- Collected data
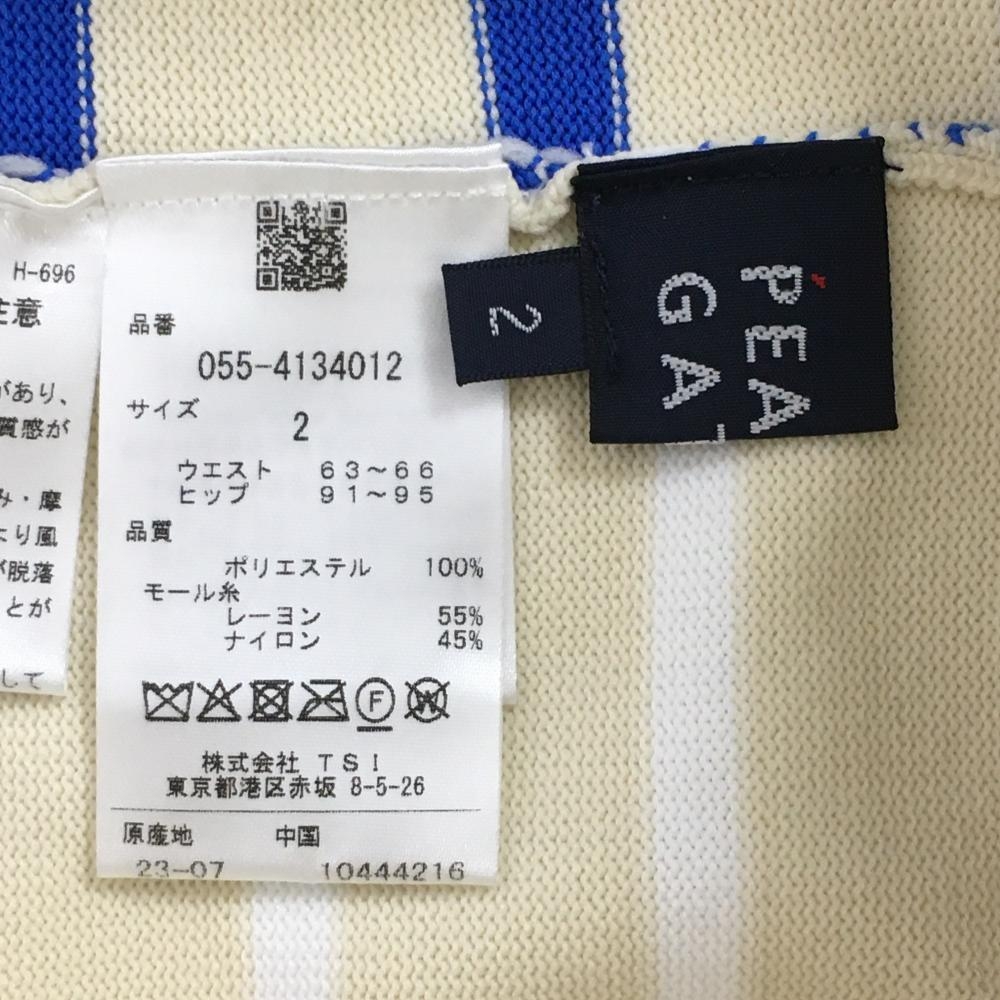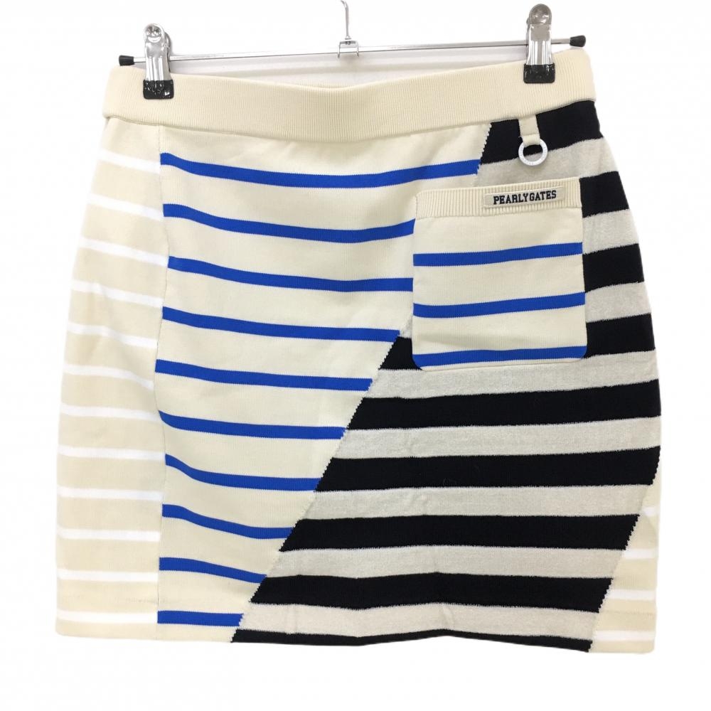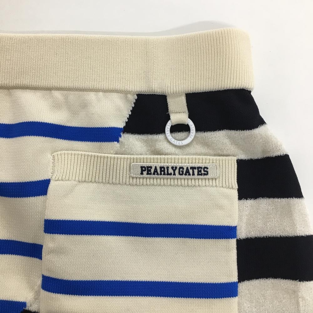 【超美品】パーリーゲイツ ニットスカート ライトベージュ×ブルー ボーダー レディース 2(L) ゴルフウェア 2023年モデル PEARLY GATES
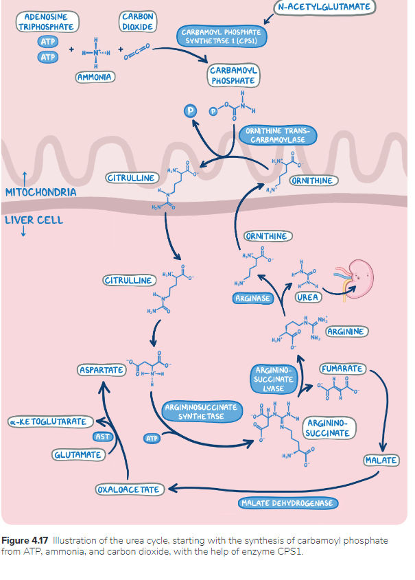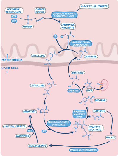 3. Biochemistry researchers are studying the metabolic pathway involved in the removal of toxic ammonia molecules. Which of the following reactions of these metabolic pathways occurs in the mitochondria?
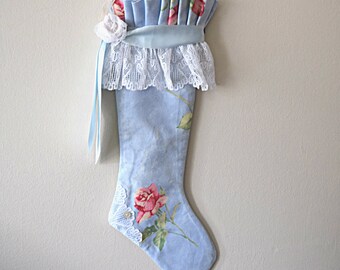 Christmas Handmade Roses Stocking 20" Lace Cotton Stocking, Hand Sewn Lined Stocking, Cabbage Roses Stocking, Egg Blue Holiday Decoration

- Problem requirements
Repeat all of the data above word for word, minus the pictures.

- Your response
 【超美品】パーリーゲイツ ニットスカート ライトベージュ×ブルー ボーダー レディース 2(L) ゴルフウェア 2023年モデル PEARLY GATES
 3. Biochemistry researchers are studying the metabolic pathway involved in the removal of toxic ammonia molecules. Which of the following reactions of these metabolic pathways occurs in the mitochondria?
 Christmas Handmade Roses Stocking 20" Lace Cotton Stocking, Hand Sewn Lined Stocking, Cabbage Roses Stocking, Egg Blue Holiday Decoration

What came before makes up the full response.